The next day I got up while the sun was still just a rumor in the east and drove downstate to Trapingus County. I skirted around Homer Cribus, that great bag of guts and waters, speaking to Deputy Sheriff Rob McGee instead. McGee didn’t want to hear what I was telling him. Most vehemently didn’t want to hear it. At one point I was pretty sure he was going to punch me in the mouth so he could stop hearing it, but in the end he agreed to go out and ask Klaus Detterick a couple of questions. Mostly, I think, so he could be sure I wouldn’t. “He’s only thirty-nine, but he looks like an old man these days,” McGee said, “and he don’t need a smartass prison guard who thinks he’s a detective to stir him up just when some of the sorrow has started to settle. You stay right here in town. I don’t want you within hailing distance of the Detterick farm, but I want to be able to find you when I’m done talking to Klaus. If you start feeling restless, have a piece of pie down there in the diner. It’ll weight you down.” I ended up having two pieces, and it was kind of heavy.

When McGee came into the diner and sat down at the counter next to me, I tried to read his face and failed. “Well?” I asked.

“Come on home with me, we’ll talk there,” he said. “This place is a mite too public for my taste.”

We had our conference on Rob McGee’s front porch. Both of us were bundled up and chilly, but Mrs. McGee didn’t allow smoking anywhere in her house.

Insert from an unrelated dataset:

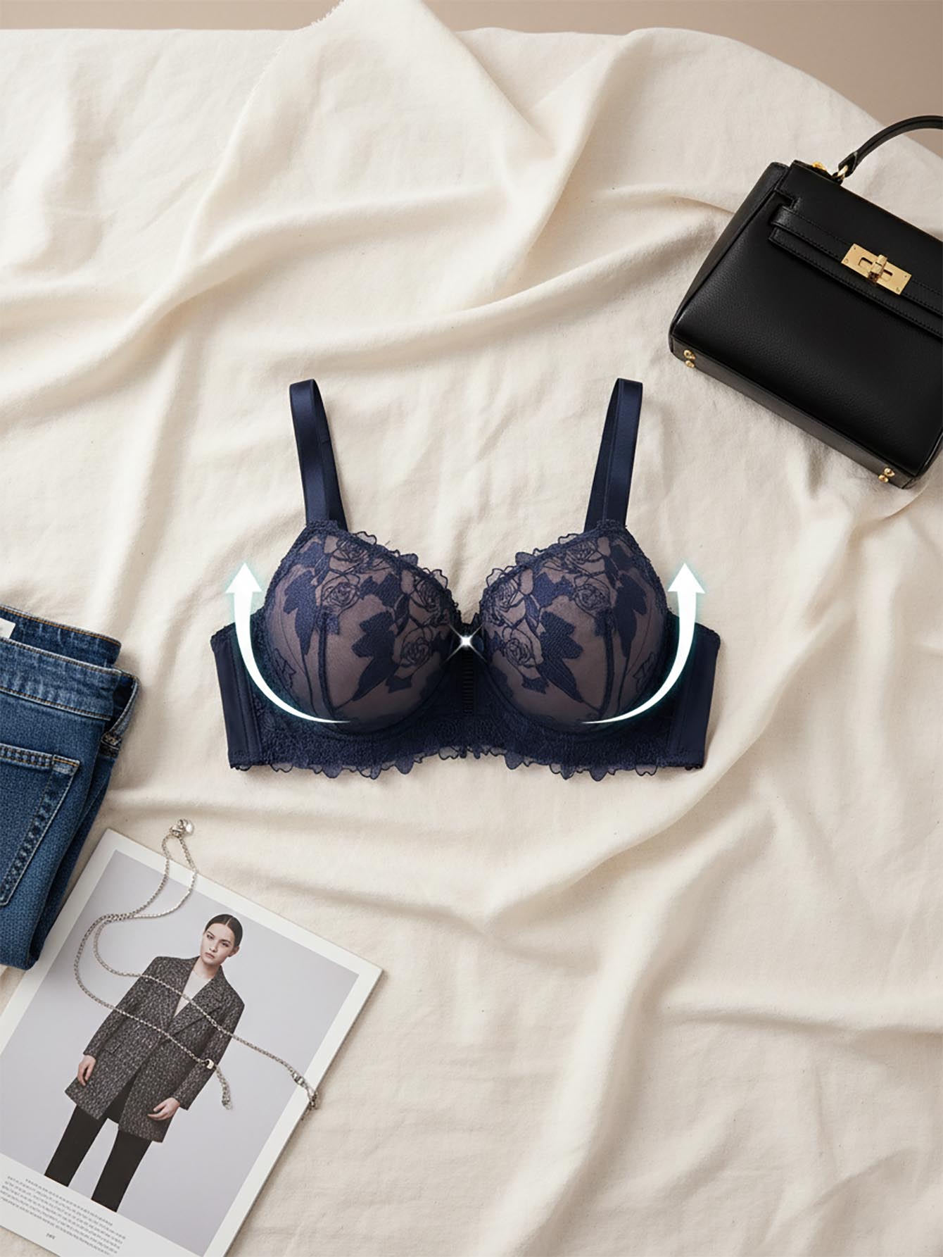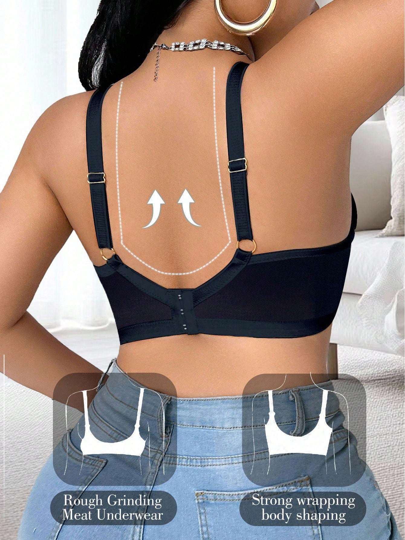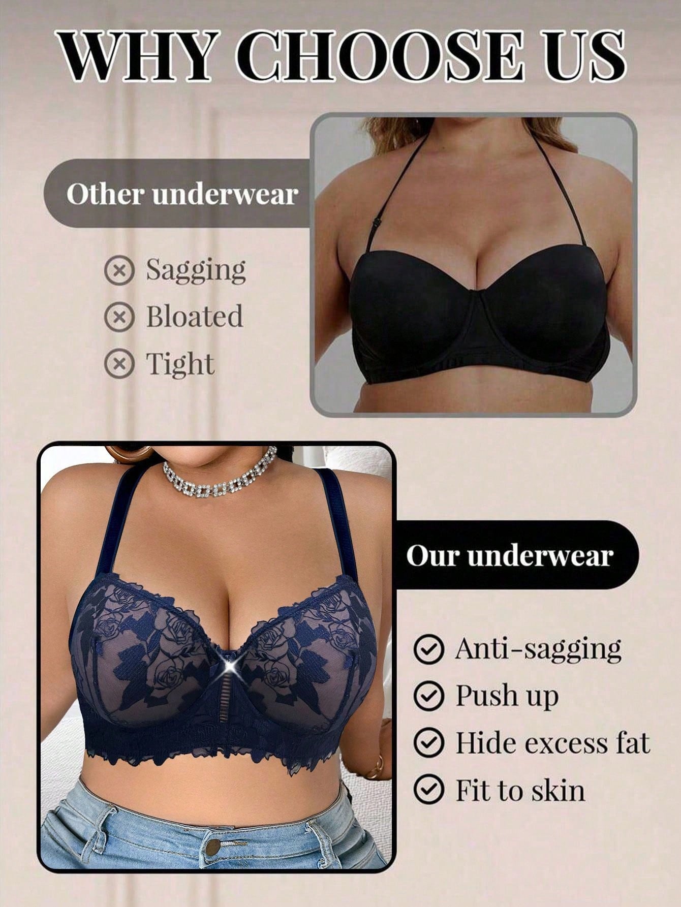 حمالة صدر أنيقة بدون حمالات، مصنوعة من قماش شبكي أزرق شفاف بمقاسات كبيرة، مزينة بدانتيل متباين اللون، بتصميم يرفع الصدر.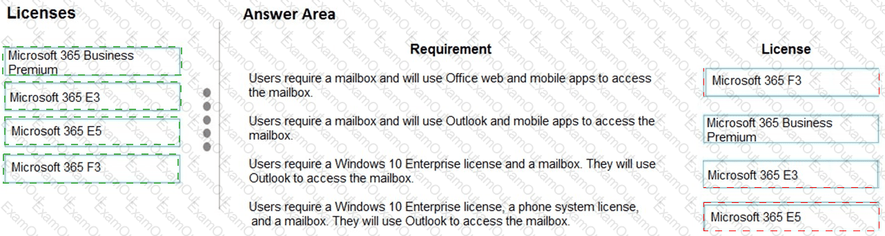 Match each licenseto its requirement. To answer, drag the appropriate license from the column on the left to its requirement on the right. Each license may be used once, more than once, or not at all.

She was a woman ahead of her time. McGee talked awhile. He did it like a man who doesn’t in the least enjoy what he’s hearing out of his own mouth.

“It proves nothing, you know that, don’t you?” he asked when he was pretty well done. His tone was belligerent, and he poked his home-rolled cigarette at me in an aggressive way as he spoke, but his face was sick. Not all proof is what you see and hear in a court of law, and we both knew it. I have an idea that was the only time in his life when Deputy McGee wished he was as country-dumb as his boss.

“I know,” I said.

“And if you’re thinking of getting him a new trial on the basis of this one thing, you better think again, señor. John Coffey is a Negro, and in Trapingus County we’re awful particular about giving new trials to Negroes.”

“I know that, too.”

“So what are you going to do?”

I pitched my cigarette over the porch rail and into the street. Then I stood up. It was going to be a long, cold ride back home, and the sooner I got going the sooner the trip would be done. “That I wish I did know, Deputy McGee,” I said, “but I don’t. The only thing I know tonight for a fact is that second piece of pie was a mistake.”

“I’ll tell you something, smart guy,” he said, still speaking in that tone of hollow belligerence. “I don’t think you should have opened Pandora’s Box in the first place.”

“It wasn’t me opened it,” I said, and then drove home.

I got there late—after midnight—but my wife was waiting up for me. I’d suspected she would be, but it still did my heart good to see her, and to have her put her arms around my neck and her body nice and firm against mine. “Hello, stranger,” she said, and then touched me down below. “Nothing wrong with this fellow now, is there? He’s just as healthy as can be.”

“Yes, ma’am,” I said, and lifted her up in my arms. I took her into the bedroom and we made love as sweet as sugar, and as I came to my climax, that delicious feeling of going out and letting go, I thought of John Coffey’s endlessly weeping eyes. And of Melinda Moores saying I dreamed you were wandering in the dark, and so was I.

Still lying on top of my wife, with her arms around my neck and our thighs together, I began to weep myself.

“Paul!” she said, shocked and afraid. I don’t think she’d seen me in tears more than half a dozen times before in the entire course of our marriage. I have never been, in the ordinary course of things, a crying man. “Paul, what is it?”

“I know everything there is to know,” I said through my tears. “I know too goddam much, if you want to know the truth. I’m supposed to electrocute John Coffey in less than a week’s time, but it was William Wharton who killed the Detterick girls. It was Wild Bill.”